Entries supplied:
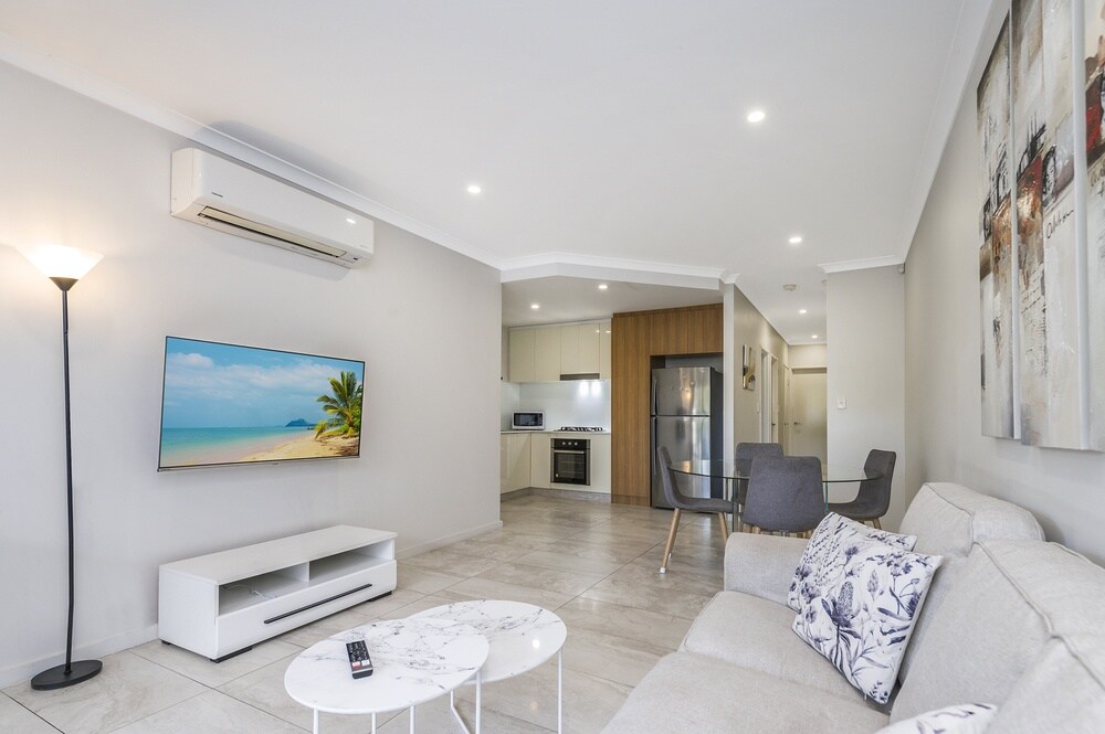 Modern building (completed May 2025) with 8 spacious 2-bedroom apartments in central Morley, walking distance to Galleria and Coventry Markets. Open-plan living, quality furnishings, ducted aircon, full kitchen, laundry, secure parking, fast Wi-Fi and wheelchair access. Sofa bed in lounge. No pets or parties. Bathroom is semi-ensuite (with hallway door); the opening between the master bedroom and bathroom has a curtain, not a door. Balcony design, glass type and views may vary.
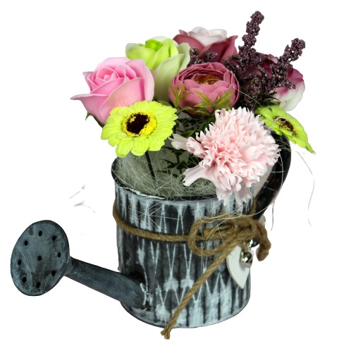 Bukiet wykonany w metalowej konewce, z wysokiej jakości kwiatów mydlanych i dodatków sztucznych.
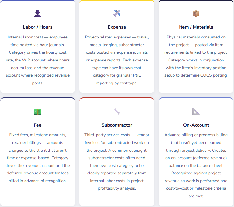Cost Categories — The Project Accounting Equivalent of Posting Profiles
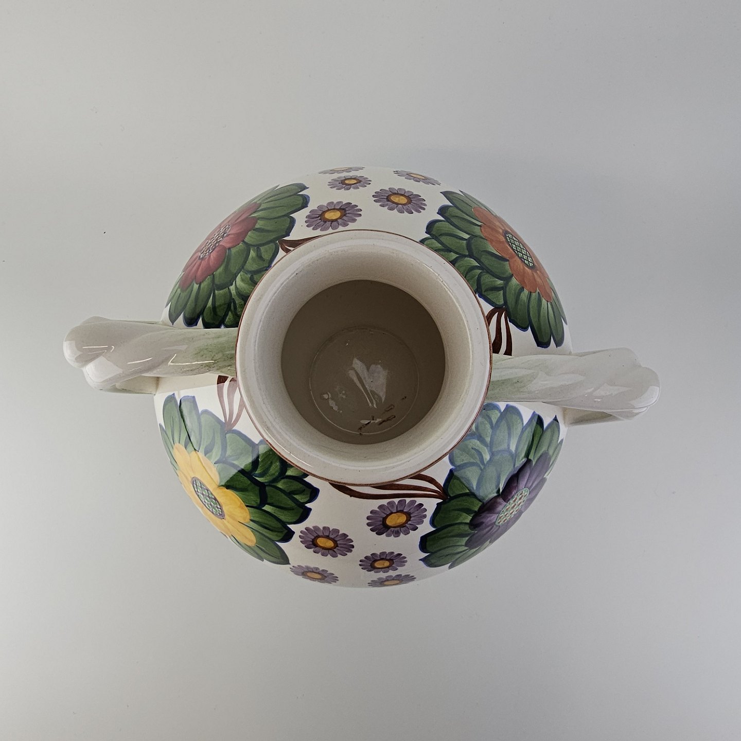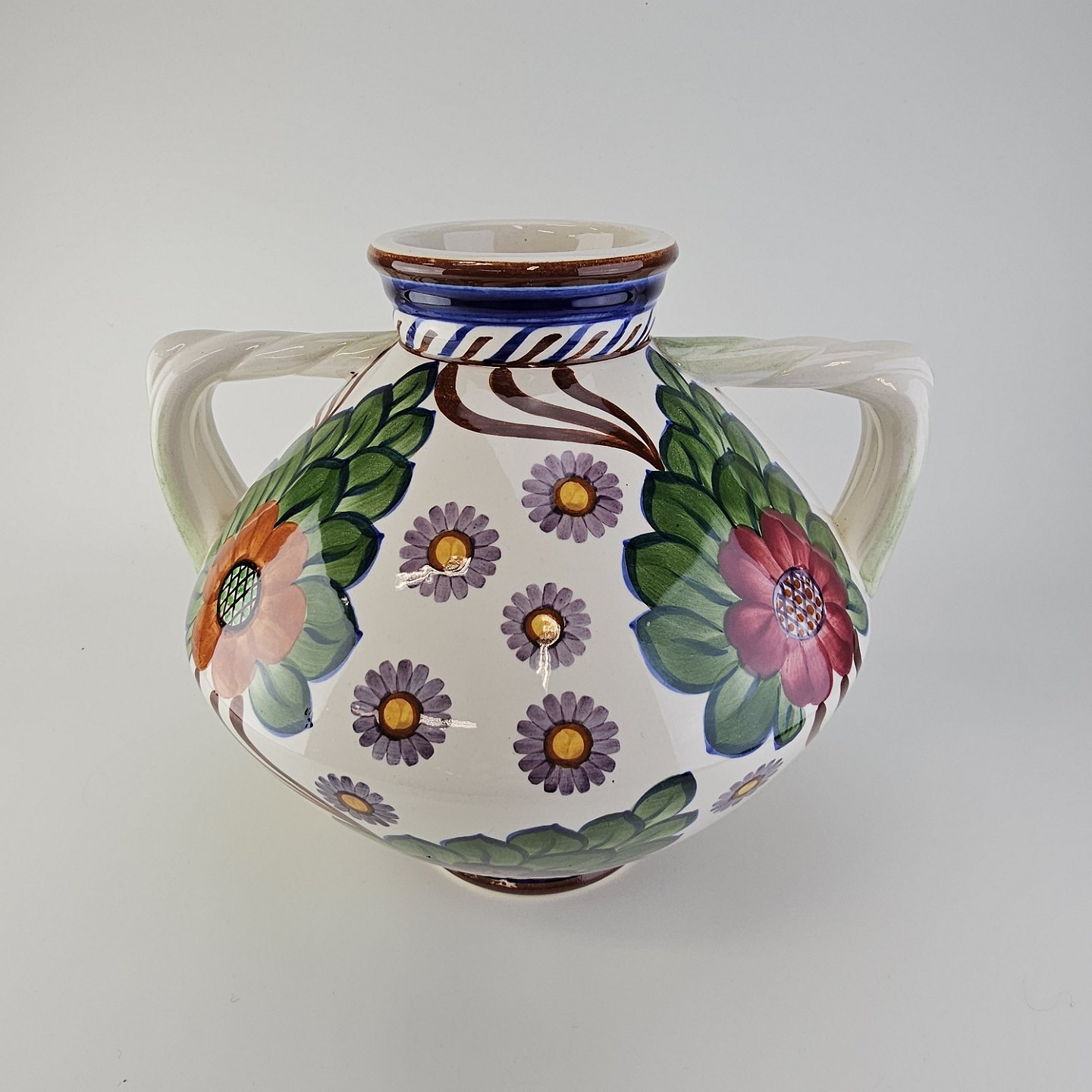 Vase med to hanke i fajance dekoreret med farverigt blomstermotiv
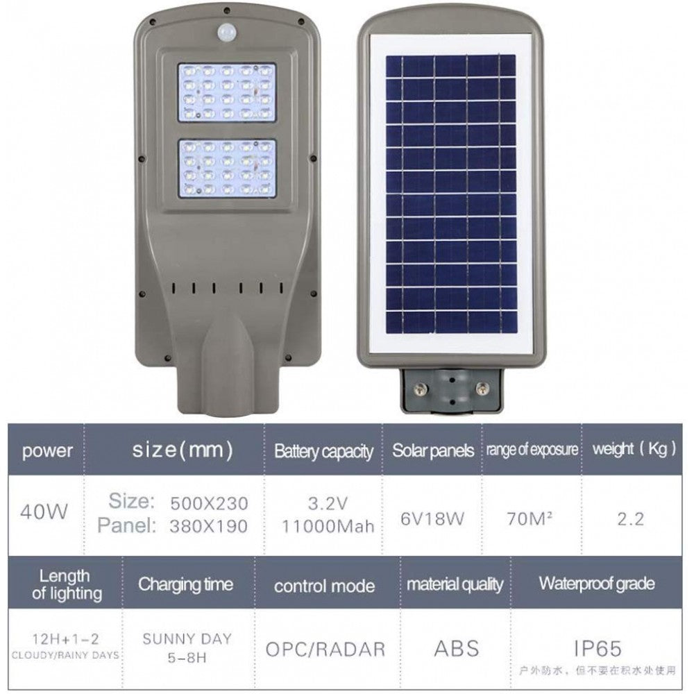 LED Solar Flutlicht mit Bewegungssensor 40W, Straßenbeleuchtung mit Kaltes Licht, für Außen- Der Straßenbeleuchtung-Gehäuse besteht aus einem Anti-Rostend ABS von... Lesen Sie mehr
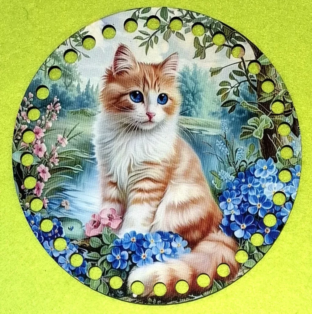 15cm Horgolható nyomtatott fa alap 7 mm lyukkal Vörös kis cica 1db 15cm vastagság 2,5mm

Your objective: Leaving pictures aside, give again word for word each line from the one with "LED Solar Flutlicht" to the final line of the entries.

Exercise response:
 LED Solar Flutlicht mit Bewegungssensor 40W, Straßenbeleuchtung mit Kaltes Licht, für Außen- Der Straßenbeleuchtung-Gehäuse besteht aus einem Anti-Rostend ABS von... Lesen Sie mehr
 15cm Horgolható nyomtatott fa alap 7 mm lyukkal Vörös kis cica 1db 15cm vastagság 2,5mm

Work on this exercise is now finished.